UK investment chief confident of City's future
London will remain a top financial centre in the hard times ahead because the city's underlying strengths will still be attractive, the head of the agency that promotes investment in Britain believes. "I'm confident that... out of this turbulence and...
London will remain a top financial centre in the hard times ahead because the city's underlying strengths will still be attractive, the head of the agency that promotes investment in Britain believes.
"I'm confident that... out of this turbulence and difficulty London will emerge stronger than ever," said Andrew Cahn.
"You always have, in times of trouble, a flight to safety and quality and that's what London offers," said the chief executive officer of UK Trade & Investment, the government agency that helps foreign investors set up in Britain and helps British companies expand abroad.

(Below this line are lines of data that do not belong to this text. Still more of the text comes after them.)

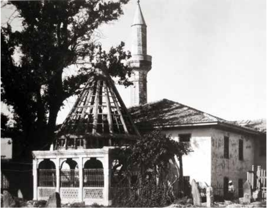
Sadreddin Konevi Camii ve Türbesi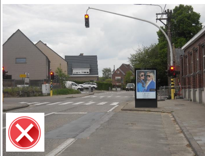
GILO Oosterzele: onveilige schoolomgeving door gebrek aan trottoirs en fietspaden. Reclamebord belemmert het zicht.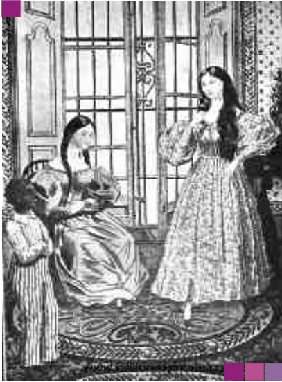
Señora porteña por la mañana

Britain saw spectacular growth in financial services since the 1980s Big Bang deregulation and the signs last year were that London's financial district, known as "the City," was catching up with New York as the world's top financial centre.
But the collapse of a growing number of banks around the world because of the credit crunch, including big names such as Lehman Brothers, is forecast to lead to thousands of job losses in London and has raised questions about whether the City can ever be the same again.
"One of the key issues is how do we make sure that London remains the leading global financial centre?" said Mr Cahn.
"I am confident we will do that."
He did not think the trend to increased regulation of financial services in the wake of the crisis would put investors off. "Investors will be pleased to have appropriate and effective regulation and as long as we get it right, and I'm sure we will, I think our regulatory framework will be a draw."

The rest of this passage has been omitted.